- _Requirement_
Begin the copy at the line containing "- タイトスカート ユノートル" in the data below and end it at the line containing "メンズレディース本革牛革個性", keeping each line exact and leaving out pictures.

- _Supplied entries_
++++++++

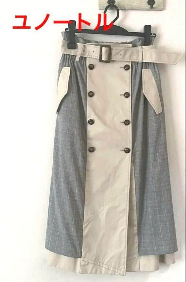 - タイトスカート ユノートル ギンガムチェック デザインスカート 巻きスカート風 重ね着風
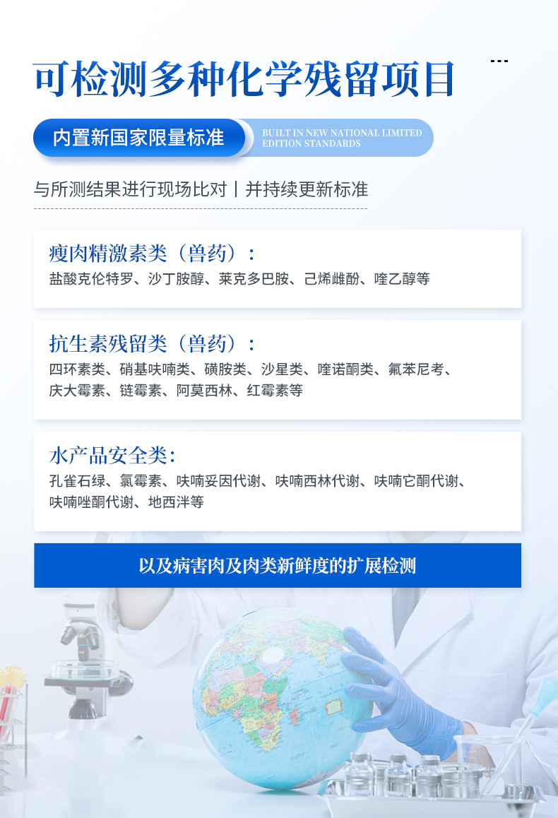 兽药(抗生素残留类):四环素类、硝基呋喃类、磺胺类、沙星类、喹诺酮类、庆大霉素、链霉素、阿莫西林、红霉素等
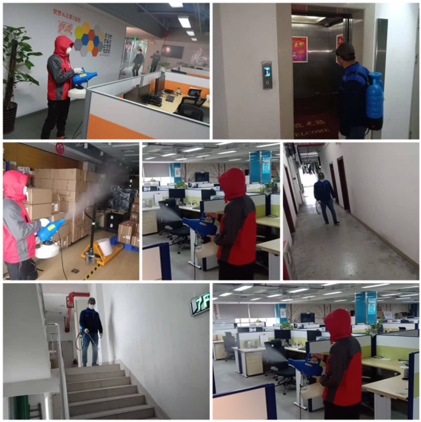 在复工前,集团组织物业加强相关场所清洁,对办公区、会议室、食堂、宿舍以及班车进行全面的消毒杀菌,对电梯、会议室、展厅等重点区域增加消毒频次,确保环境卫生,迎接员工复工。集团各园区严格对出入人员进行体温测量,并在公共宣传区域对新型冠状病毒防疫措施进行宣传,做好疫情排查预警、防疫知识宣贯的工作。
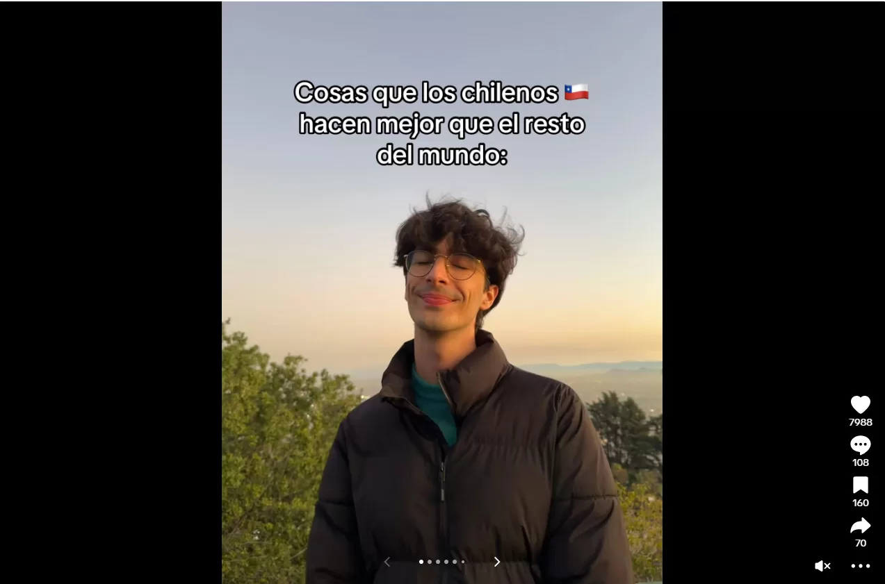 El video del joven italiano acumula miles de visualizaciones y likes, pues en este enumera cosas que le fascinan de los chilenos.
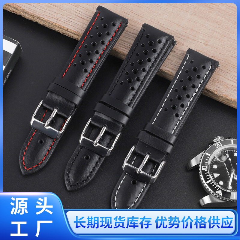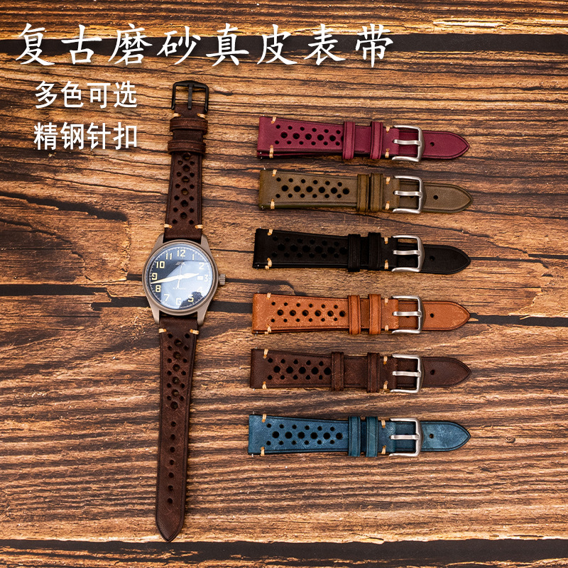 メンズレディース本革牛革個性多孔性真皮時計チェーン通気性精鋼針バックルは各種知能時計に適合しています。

++++++++

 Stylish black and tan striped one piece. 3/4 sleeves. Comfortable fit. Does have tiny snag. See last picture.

++++++++

- _Expected answer_
 - タイトスカート ユノートル ギンガムチェック デザインスカート 巻きスカート風 重ね着風
 兽药(抗生素残留类):四环素类、硝基呋喃类、磺胺类、沙星类、喹诺酮类、庆大霉素、链霉素、阿莫西林、红霉素等
 在复工前,集团组织物业加强相关场所清洁,对办公区、会议室、食堂、宿舍以及班车进行全面的消毒杀菌,对电梯、会议室、展厅等重点区域增加消毒频次,确保环境卫生,迎接员工复工。集团各园区严格对出入人员进行体温测量,并在公共宣传区域对新型冠状病毒防疫措施进行宣传,做好疫情排查预警、防疫知识宣贯的工作。
 El video del joven italiano acumula miles de visualizaciones y likes, pues en este enumera cosas que le fascinan de los chilenos.
 メンズレディース本革牛革個性多孔性真皮時計チェーン通気性精鋼針バックルは各種知能時計に適合しています。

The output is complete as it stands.